MAA Reviews

Linear Models: The Theory and Application of Analysis of Variance

Brenton R. Clarke

Publisher: John Wiley (2008)
Details: 241 pages, Hardcover
Series: Wiley Series in Probability and Statistics
Price: $90.00
ISBN: 9780470025666
Category: Textbook
Topics: Analysis of Variance, Linear Models, Statistics

[Reviewed by Ita Cirovic Donev, on 01/13/2009]

Linear Models is yet another reference in the field. What would be the proper role for it? There are many books out there that discuss linear models and ANOVA, some good, some not so good. The authors always claim that theirs is something different and, of course, better than the competition. This book does present a different approach.
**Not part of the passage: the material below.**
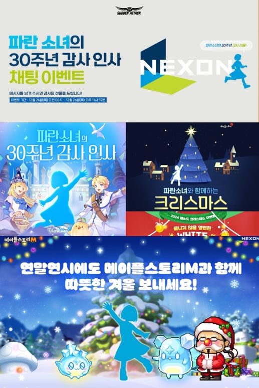 한편 넥슨은 '파란 소녀'를 적극 마케팅에 활용하고 있는 모양새다. 20일 넥슨에 따르면, 연말 이벤트를 열고 있는 대표작 다중접속역할수행게임(MMORPG) '메이플스토리'를 비롯해 1인칭 슈팅(FPS) 게임 '서든어택', MMORPG '마비노기 영웅전', 모바일 MMORPG '메이플스토리M'에서 파란소녀 관련 아이템을 받을 수 있다.
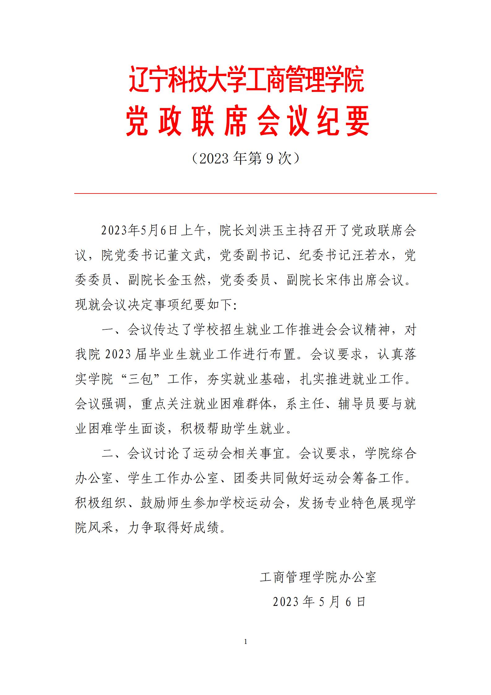 云鼎手机平台工商管理学院党政联席会议纪要(2023年第9次)

From author’s words:

Where this book differs significantly from most books on ANOVA is in the [discussion] beginning with Helmer matrices and Kronecker products… which allows succinct and explicit forms of contrast that yield both the orthogonal components in ANOVA, including projection matrices, and distributions of component sums of squares with illustrations for a number of designs, including two-way ANOVA, Latin squares, and 2k factorial designs.

So let’s see how well it works.

The author takes some time to introduce the subject, providing a nice first chapter on fixed effects and presenting some common linear models. The next three chapters also, in my opinion, constitute the introduction or preparation to the subject. Hence, we can refresh our mind with some vector space theory and in particular a discussion of orthogonal projections onto subspaces. This then directly leads us to least square theory and the Gauss-Markov theorem. The author does not delve much into discussion but rather presents the important results. To finalize the introduction, some distribution theory is presented.

Given the required prerequisite knowledge of matrix theory, mathematical statistics and probability theory, these four chapters should be easily grasped. Theorems are stated with full proofs, there is no hand-waving. Even some more trivial steps are shown.

Chapter 5 presents orthogonal relationships, including theoretical results for Helmert matrices and Kronecker product. The presentation is detailed and transparent enough to be easily followed and understandable. Some simpler examples are provided, and one more detailed example showing the calculation steps along the way. This easy to follow chapter provides a sound base for the rest of the book. The rest of the book deals with the methods of estimation and fitting as well as discussing robust methods.

The book is pitched at the graduate level, so it is written assuming quite a wide base knowledge of statistics, probability and matrix theory. Proofs are detailed without skipping too many steps. Exercises are provided and accompany the text quite nicely. Overall, it is hard for me to imagine this book as a main text for the course, but as a side reference it should be more than welcomed.


Ita Cirovic Donev holds a Masters degree in statistics from Rice University. Her main research areas are in mathematical finance; more precisely, statistical methods for credit and market risk. Apart from the academic work she does statistical consulting work for financial institutions in the area of risk management.